> [WHAT TO WORK ON] Take the data below and write it out exactly, except for the pictures.

(Items from a data source)
————————

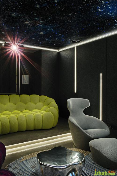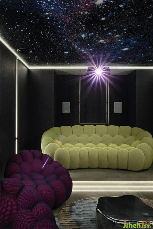 影音室在設(shè)計(jì)師的巧妙布置下,Bubble沙發(fā)像是置身星辰大海下五彩斑斕的夢(mèng)境,燈光和材質(zhì)完美呈現(xiàn)各自的魅力,空間交融互通,從細(xì)節(jié)到氛圍充分展現(xiàn)給客戶一個(gè)理想的體驗(yàn)空間。
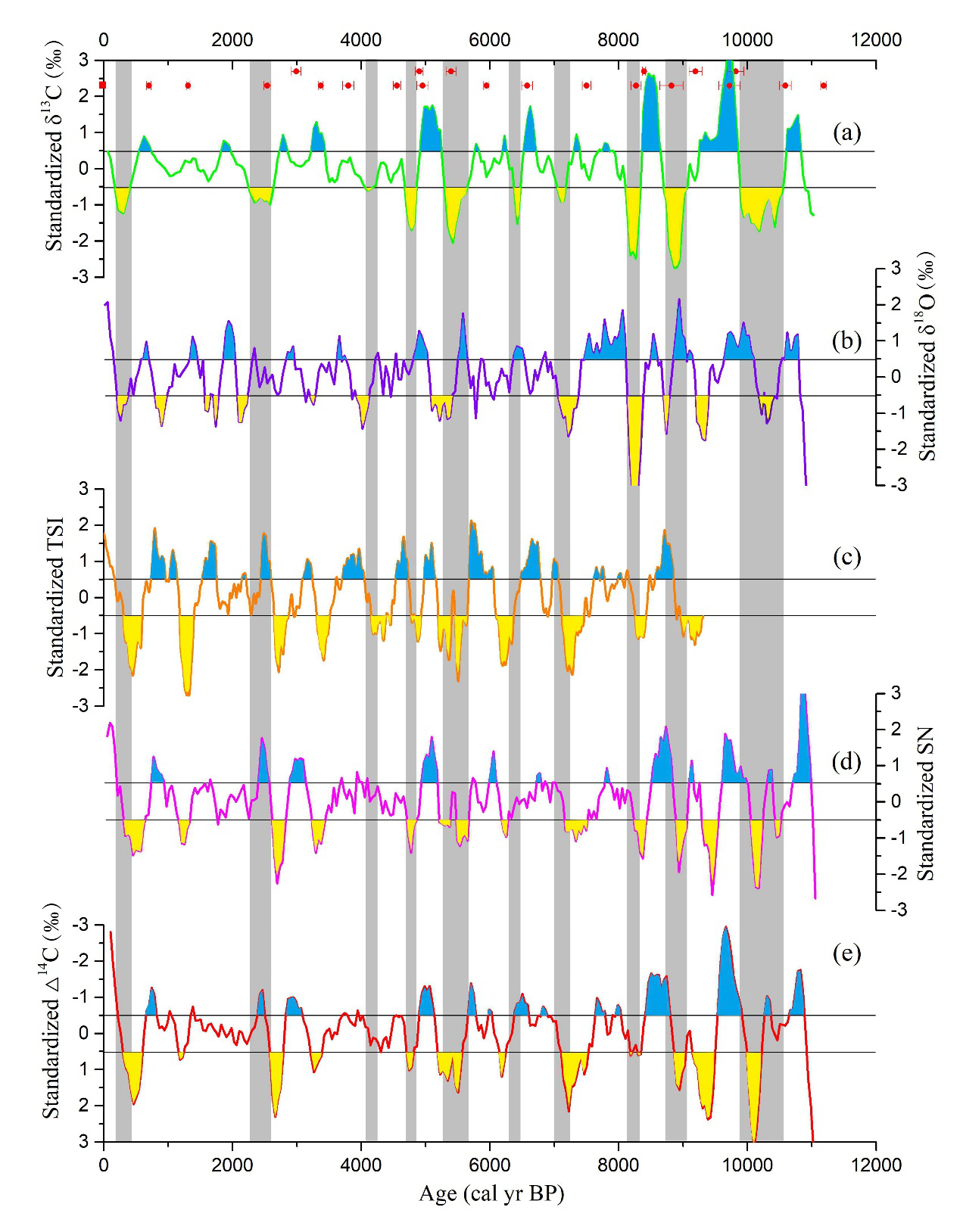 图3阿勒泰泥炭纤维素δ13C记录与太阳活动指标记录的对比
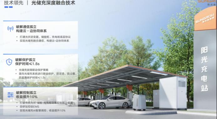 不同于市面上多品牌设备拼凑的充电站方案,阳光新能源的阳光充电站实现了光储充全栈自研,从光伏逆变器、储能系统到充电桩、站控级EMS,均采用统一技术体系。这种一体化设计避免了不同品牌设备之间的通信壁垒,确保光伏、储能、充电桩之间协同高效,运维更加简便,故障率大幅降低。
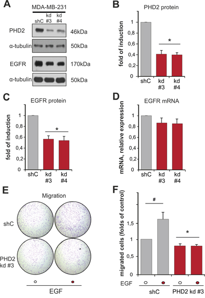 Figure 3: Knockdown of PHD2 in MDA-MB-231 cells affects EGFR levels and EGF-driven motility. A. Representative immunoblots of PHD2 and EGFR levels in the lysates of MDA-MB-231 shC control and PHD2 knockdown clones #3 and #4. B, C. Quantification of PHD2 levels (B) and EGFR levels (C) in MDA-MB-231 cells. The PHD2 and EGFR levels in the shC (respective control) were set to 1. * significant difference between PHD2 and EGFR levels in the knockdown clones #3 and #4 vs. control. D. Quantification of EGFR mRNA levels in MDA-MB-231 cells. The EGFR mRNA levels in the shC (respective control) were set to 1.* significant difference between EGFR mRNA levels in the PHD2 knockdown clones #3 and #4 vs. control. E. MDA-MB-231 shC control and PHD2 knockdown cells #3 were treated with either vehicle or with EGF (100 ng/ml) for 2 days and cell migration was analyzed in a transwell migration assay. Representative photographs of the whole cell culture insert field from the migration assay. F. Quantification of the transwell migration assay. The number of migrated non-treated shC control cells was set to 1 (respective control). * significant difference between PHD2 knockdown cells vs. control. # significant difference EGF-treated cells vs. non-treated. In all experiments more than 500 cells were scored. Results are presented as mean values of three independent experiments ± SD. The statistical comparison between groups was performed by using Student’s two-tailed t-test. *p ≤ 0.05.
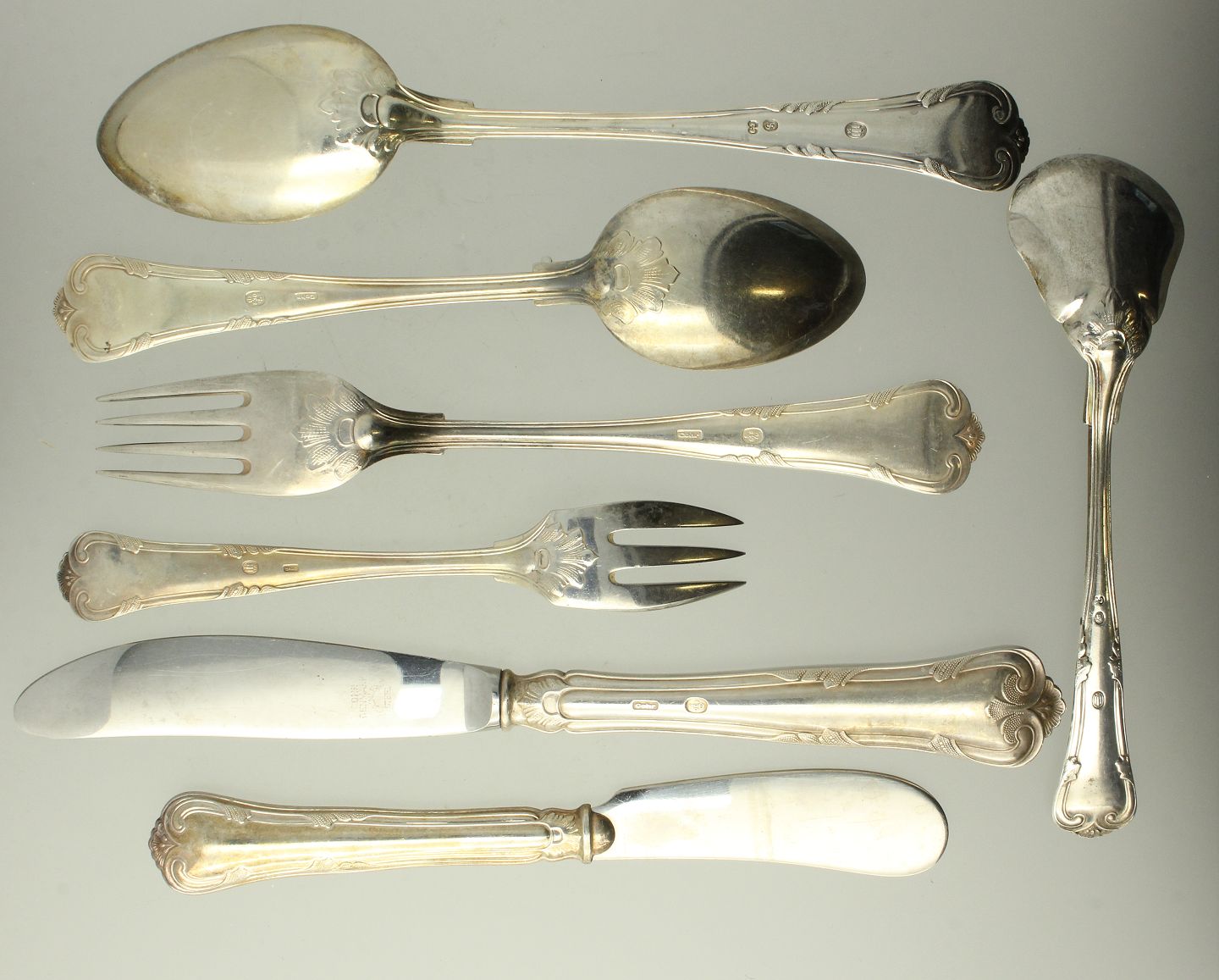 Carl M. Cohr - 43 dele bestik af tretårnet sølv bestående af:
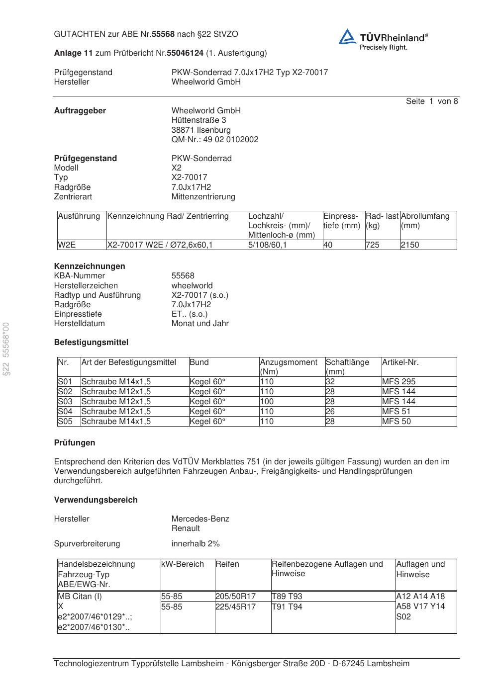 Dieses Gutachten (abe) bezieht sich auf die Alufelge Wheelworld X2-70017 in der Ausführung ET 0, Mittenloch 0 mm (KBA 55568). Im PDF findest du typischerweise zulässige Reifengrößen, Auflagen/Anbauhinweise und – je nach Dokument – Hinweise zur Eintragung.
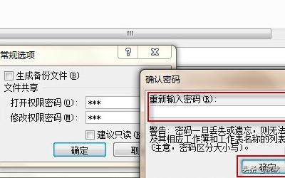 4提示重新输入密码,录入并确定。注意录入的密码为打开权限密码,由于设置了两个密码,提示重新输入密码也会有两次,第二次录入修改权限密码,并保存。
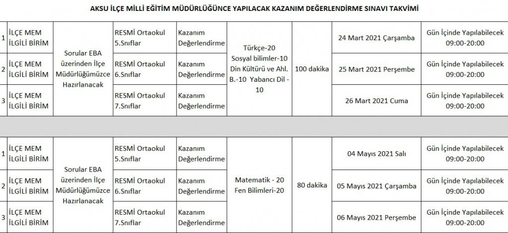 5. 6. ve 7. Sınıf öğrencilerimiz için ilçemizde kazanım değerlendirme sınavları yapılması planlanmıştır.
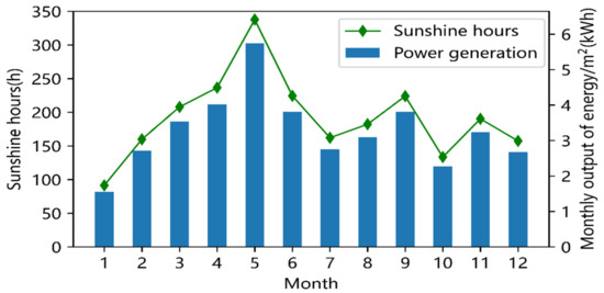 The accessible area of the roof of the plant and office building on the user side of the industrial park restricts the installed capacity of the PV power-producing components. Currently, 350 kWp, 390 kWp, and 150 kWp of PV capacity are installed on the user side of the three transformers in the industrial park. Following the principle of spontaneous self-use and residual power access, each one of them connects to the load via a PCS inverter. The typical PV production statistics of the four seasons can be calculated based on the features of the Northern Hemisphere lighting, seasonal illumination characteristics, and monthly average sunshine hours [28,29]. The annual total radiation in the region’s horizontal plane can be calculated to be 1314 kWh/m2, as shown in Figure 3, which shows the monthly statistics of light and power generation in the area, based on NASA satellite monitoring data.

————————

> [ANSWER SPACE]
 影音室在設(shè)計(jì)師的巧妙布置下,Bubble沙發(fā)像是置身星辰大海下五彩斑斕的夢(mèng)境,燈光和材質(zhì)完美呈現(xiàn)各自的魅力,空間交融互通,從細(xì)節(jié)到氛圍充分展現(xiàn)給客戶一個(gè)理想的體驗(yàn)空間。
 图3阿勒泰泥炭纤维素δ13C记录与太阳活动指标记录的对比
 不同于市面上多品牌设备拼凑的充电站方案,阳光新能源的阳光充电站实现了光储充全栈自研,从光伏逆变器、储能系统到充电桩、站控级EMS,均采用统一技术体系。这种一体化设计避免了不同品牌设备之间的通信壁垒,确保光伏、储能、充电桩之间协同高效,运维更加简便,故障率大幅降低。
 Figure 3: Knockdown of PHD2 in MDA-MB-231 cells affects EGFR levels and EGF-driven motility. A. Representative immunoblots of PHD2 and EGFR levels in the lysates of MDA-MB-231 shC control and PHD2 knockdown clones #3 and #4. B, C. Quantification of PHD2 levels (B) and EGFR levels (C) in MDA-MB-231 cells. The PHD2 and EGFR levels in the shC (respective control) were set to 1. * significant difference between PHD2 and EGFR levels in the knockdown clones #3 and #4 vs. control. D. Quantification of EGFR mRNA levels in MDA-MB-231 cells. The EGFR mRNA levels in the shC (respective control) were set to 1.* significant difference between EGFR mRNA levels in the PHD2 knockdown clones #3 and #4 vs. control. E. MDA-MB-231 shC control and PHD2 knockdown cells #3 were treated with either vehicle or with EGF (100 ng/ml) for 2 days and cell migration was analyzed in a transwell migration assay. Representative photographs of the whole cell culture insert field from the migration assay. F. Quantification of the transwell migration assay. The number of migrated non-treated shC control cells was set to 1 (respective control). * significant difference between PHD2 knockdown cells vs. control. # significant difference EGF-treated cells vs. non-treated. In all experiments more than 500 cells were scored. Results are presented as mean values of three independent experiments ± SD. The statistical comparison between groups was performed by using Student’s two-tailed t-test. *p ≤ 0.05.
 Carl M. Cohr - 43 dele bestik af tretårnet sølv bestående af:
 Dieses Gutachten (abe) bezieht sich auf die Alufelge Wheelworld X2-70017 in der Ausführung ET 0, Mittenloch 0 mm (KBA 55568). Im PDF findest du typischerweise zulässige Reifengrößen, Auflagen/Anbauhinweise und – je nach Dokument – Hinweise zur Eintragung.
 4提示重新输入密码,录入并确定。注意录入的密码为打开权限密码,由于设置了两个密码,提示重新输入密码也会有两次,第二次录入修改权限密码,并保存。
 5. 6. ve 7. Sınıf öğrencilerimiz için ilçemizde kazanım değerlendirme sınavları yapılması planlanmıştır.
 The accessible area of the roof of the plant and office building on the user side of the industrial park restricts the installed capacity of the PV power-producing components. Currently, 350 kWp, 390 kWp, and 150 kWp of PV capacity are installed on the user side of the three transformers in the industrial park. Following the principle of spontaneous self-use and residual power access, each one of them connects to the load via a PCS inverter. The typical PV production statistics of the four seasons can be calculated based on the features of the Northern Hemisphere lighting, seasonal illumination characteristics, and monthly average sunshine hours [28,29]. The annual total radiation in the region’s horizontal plane can be calculated to be 1314 kWh/m2, as shown in Figure 3, which shows the monthly statistics of light and power generation in the area, based on NASA satellite monitoring data.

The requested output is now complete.